Technology admin  

How Does Reflow Soldering Contribute to Circuit Board Assembly?

Reflow Soldering Contribute to Circuit Board Assembly

In many cases reflow soldering is used on boards that contain a mixture of surface mount (SMD) components and plated through hole (PTH) parts. In this case a mix of different melting point solders may be utilized and the reflow process allows all the SMD components to be reflow soldered prior to PTH part insertion. In some cases this can allow the wave soldering step to be eliminated completely from the assembly process which can lead to reduced cost.

The reflow soldering process uses a heated oven to melt the solder paste and create the necessary solder joints on the circuit board assembly. During the reflow soldering process the temperature of the PCB and components are controlled to ensure they do not damage the components or the solder paste. This is usually accomplished by using a Ramp-Soak-Spike (RSS) profile.

The RSS profile consists of a preheating zone, a soak or dwell zone and the reflow zone. During the preheating zone the temperature of the PCB and components is slowly ramped up. This ensures that all areas of the board are heated evenly and prevents thermal shock which can damage components or solder paste. During the soak or dwell zone the temperature of the board is held at a stable level to avoid shadowing effects and to reduce the risk of solder bridging.

How Does Reflow Soldering Contribute to Circuit Board Assembly?

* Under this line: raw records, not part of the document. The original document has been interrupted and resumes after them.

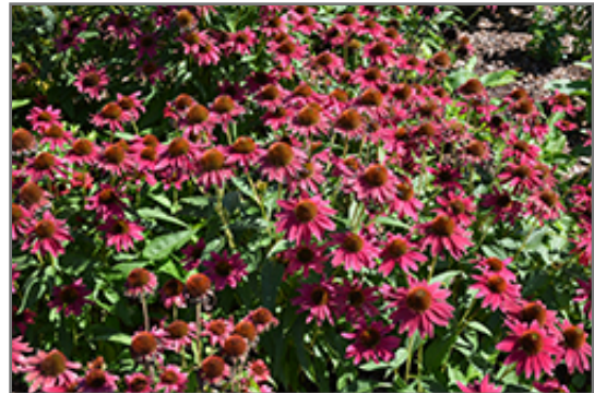
Sombrero Tres Amigos Coneflower in bloom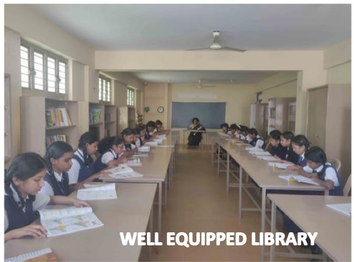
WELL EQUIPPED LIBRARY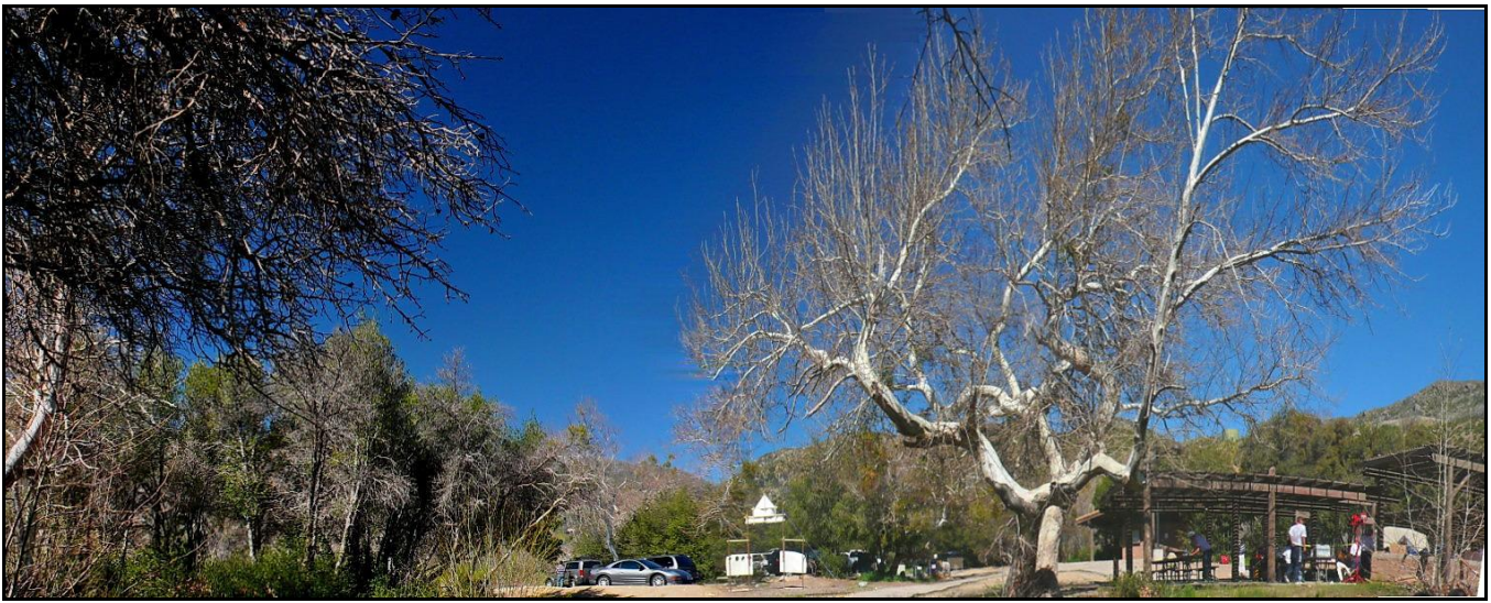
Beautiful springtime at the TNTT Camp XXVI

Thanks to some Phu huynh responding to the calls and came up to the camp to help out, mostly in the areas of cooking and serving to relieve the inrush during meal times; as the numbers of Tro Ta had remained the same and became overwhelmed with the services and needs in the camp year after year, and marginalized the welfare of the troops.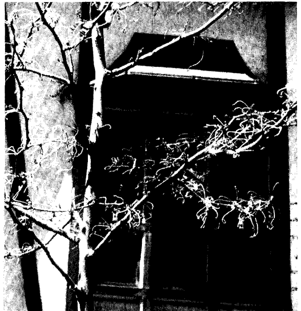
Fig. 1. (a) Distorted growth of honeylocust caused by 2,4-D herbicide drift.

(b) Distorted growth of honeylocust caused by leafhopper and plant bug. Symptoms of the two are easily confused.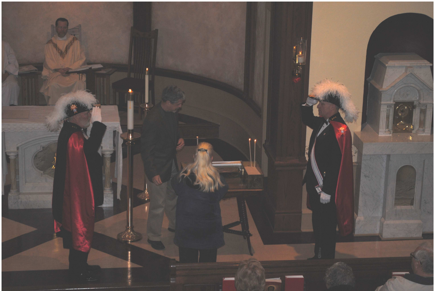
Lighting a candle for each of the departed.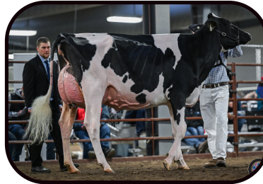
Sister to Embryos: Milksource Audi EX-93 -Reserve All-American Jr. 2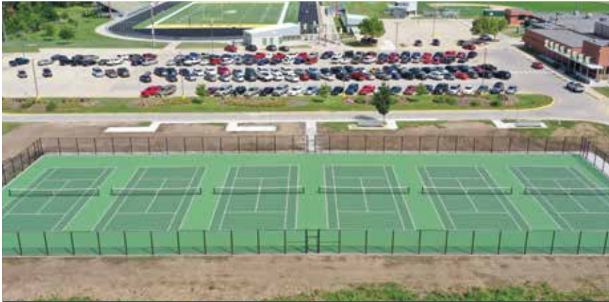
Des Moines, IA - Saydel Community School District - Tennis Facility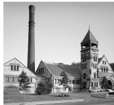
The Chestnut Hill Pumping Station, around 1983.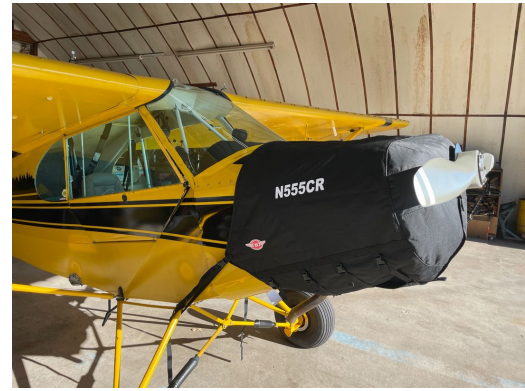
Piper PA-11 Replica Insulated Engine Cover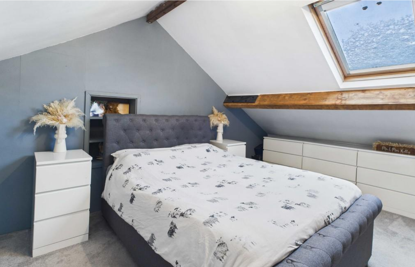
Master Bedroom (bedroom One)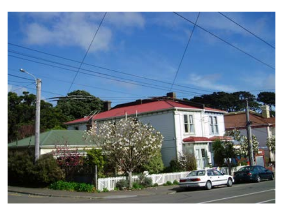
Limited range of building types

The area contains a relatively small number of multi-storey apartment blocks and town house developments of variable scale and layout. Most of the multi-unit development is located along or close to major streets and/or on larger or former industrial sites.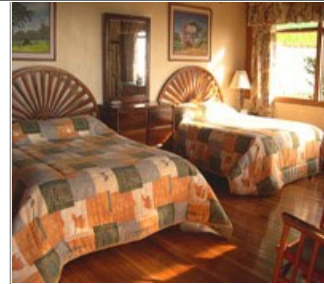
Room at Hotel Fondavela, Monteverde

The Monteverde Cloud Forest Reserve is a private biological reserve dedicated to the conservation of the rare flora and fauna of this unique ecosystem. The reserve is 26,000 acres and is an important link in the growing network of protected areas in Costa Rica. It attracts birdwatchers from around the world. All entrance fees go to maintenance of this rare cloud forest reserve. Hotel Fonda Vela is one of the closest hotels to the Reserve. Visit the Santa Elena Cloud Forest Reserve. The flora and fauna are similar to the more famous Monteverde Reserve. This reserve is located 12 km away from Hotel Fonda Vela. On clear days, there are beautiful views of Volcano Arenal. All entrance fees collected go to the improvement of regional education. Try some Canopy Thrills. Ziplines, attached from one mountain top platform to another, allow you to glide through the forest canopy with the use of special equipment.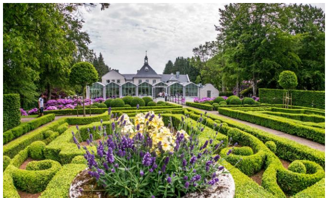
A part of the beautiful gardens of Norrviken

Wednesday June 26, 10.00 or 15.00, 1,5 hour guided tour. Pick up point at Norrviken's ticket office. Price 250 SEK (25 €) per person. Shuttle buses will be available, and start from your hotel around 30 minutes in advance.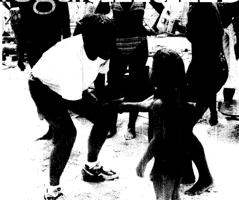
The Trials of John Edwards page 46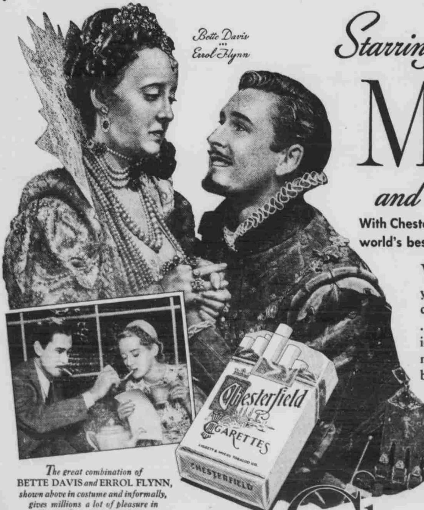
Bette Davis and Errol Flynn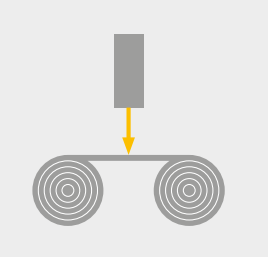
Speed measurement and speed control

Polytec LSV Laser Surface Velocimeters are used in many applications to optimize the process by reducing process variability. You will find them installed in applications such as cut-to-length control, part-length verification, total length on winders, line speed, differential line speed for stretch or elongation and many more.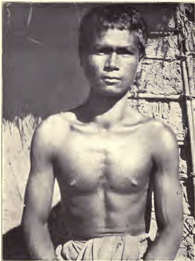
KACHÁRI MAN (Kamrup District).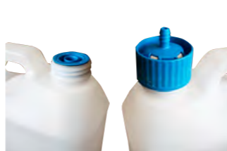
Safe link valve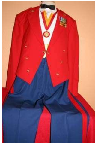
EVENING DRESS JACKET DRESS BLUE TROUSERS WITH RED NCO STRIPE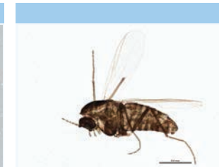
[Lateral] Smittia BIN URI: BOLD:ACA2638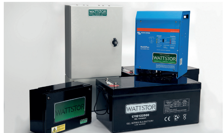
Examples of battery systems from Enphase and Wattstor (Lithium Ion and Lead acid based systems)

Batteries and battery systems can vary considerably in shape, size and weight. The greater the battery capacity, the greater the battery size and weight. Typical domestic systems vary from being the size of a small computer to the size of a washing machine.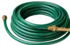
Hose or Wire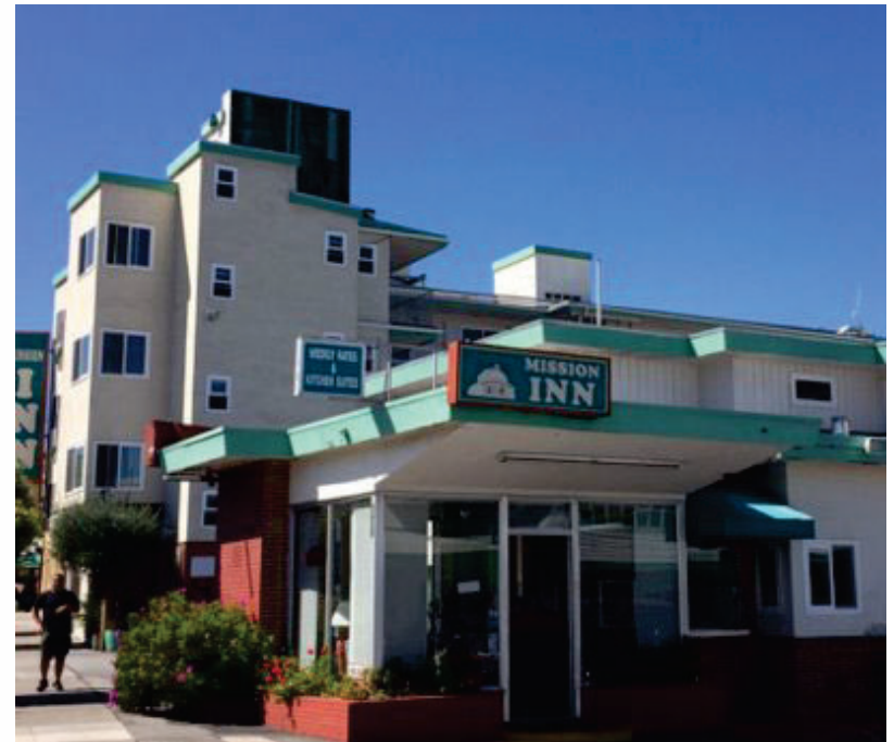
Property at 5630 Mission Street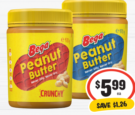
Bega Peanut Butter 470g $1.27 per 100g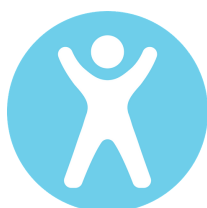
Amenities & Recreation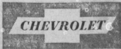
The smart switch is to the '59 Chevy!

the super-softness of Full Coil springing, in Easy-Ratio steering—then you'll know that this is the happiest surprise of the year. Come on in; don't miss this Open House!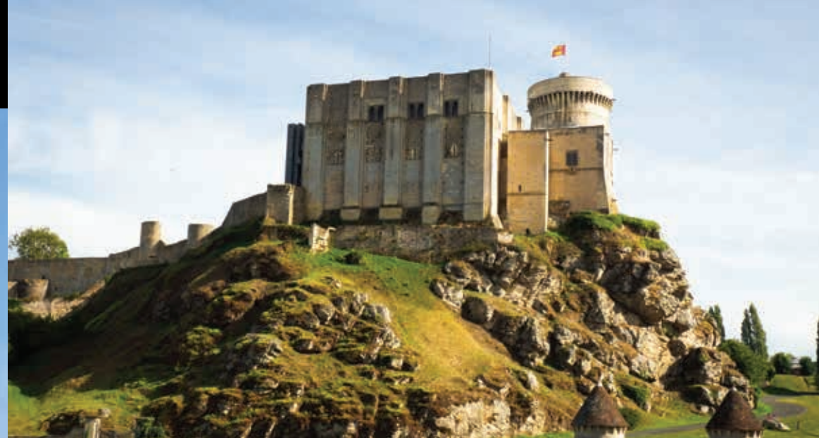
CHÂTEAU DE FALAISE

During the reflow zone the temperature of the PCB and components rises quickly to the peak reflow temperature. The reflow temperature is reached when the flux reduces the surface tension where the metal joins to accomplish metallurgical bonding and allow the individual solder powder spheres to combine and melt. The reflow temperature for most applications is between 240 and 250 degrees Celsius for a Pb-Free solder.

A successful PCB requires a good quality solder joint. Void formation in the solder joints is an issue that can significantly decrease the strength of the finished product. By understanding the causes of void formation and implementing appropriate processes controls and improvements, manufacturers can achieve high-quality, reliable electronic products.

Various factors can contribute to void formation in the reflow soldering process, including component and PCB preparation, pad design, and misalignment. The most common cause of voiding is tombstoning, which occurs when unintended small solder spheres form during the reflow soldering process. This can lead to poor solder connections and electrical shorts. To prevent tombstoning, the pad size and shape of the component should be compatible with its body size and termination style to help maintain a consistent solder distribution.

Other contributors to void formation include improper handling and storage of the assembled boards, inadequate cleaning and inspection procedures and thermal stress caused by uneven heating of the PCB during the reflow soldering process. These issues can be avoided by ensuring that the manufacturing process follows recommended practices and uses high-quality materials. Keeping the temperature of the soldering process low, and maintaining the correct solder paste viscosity is also key to avoiding voiding.